• _Work item_: The whole listing below, with no pictures, is to be repeated as it stands.

• _Dataset excerpt_:

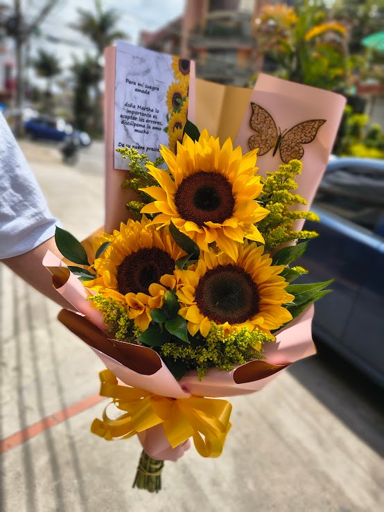 Sorprende con este vibrante ramo de girasoles frescos, envuelto en papel rosa pastel y decorado con una delicada mariposa. Incluye una tarjeta personalizable para enviar un mensaje especial. Perfecto para demostrar cariño y alegría.
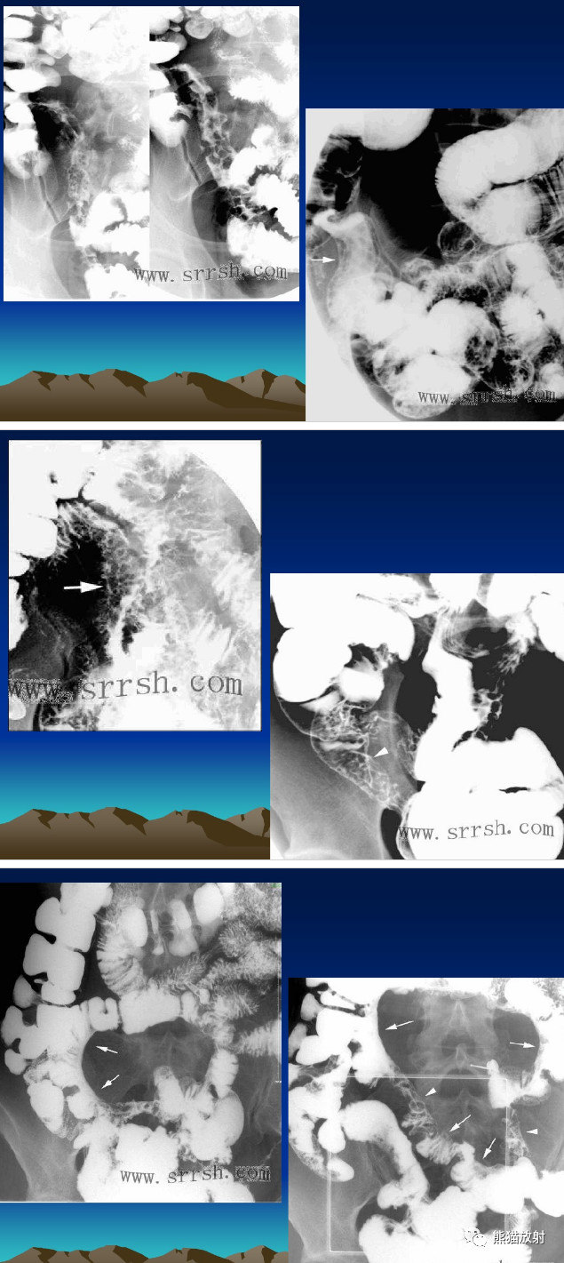 ③肠壁改变:急性期肠壁韧性多无明显改变。慢性期可见肠壁增厚、肠间距增宽、局部蠕动消失以至肠壁僵直,形状固定。
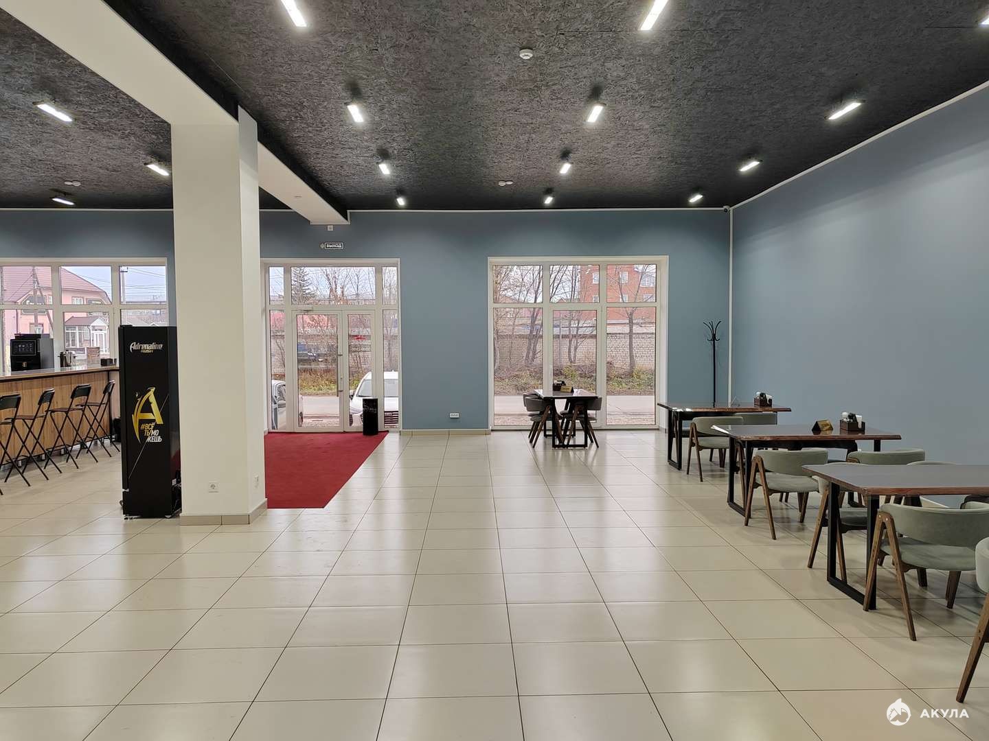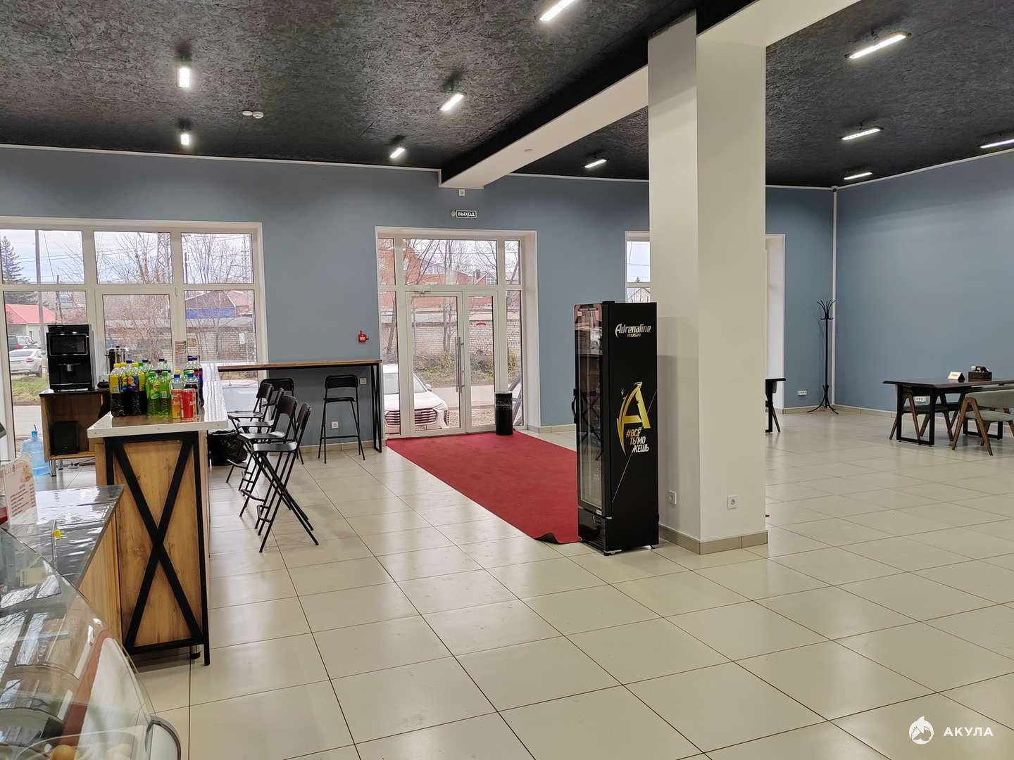 Здание состоит из 2х этажей один из которых подземный. Высота потолков каждого этажа почти по 4 метра.

• _Exercise answer_:
 Sorprende con este vibrante ramo de girasoles frescos, envuelto en papel rosa pastel y decorado con una delicada mariposa. Incluye una tarjeta personalizable para enviar un mensaje especial. Perfecto para demostrar cariño y alegría.
 ③肠壁改变:急性期肠壁韧性多无明显改变。慢性期可见肠壁增厚、肠间距增宽、局部蠕动消失以至肠壁僵直,形状固定。
 Здание состоит из 2х этажей один из которых подземный. Высота потолков каждого этажа почти по 4 метра.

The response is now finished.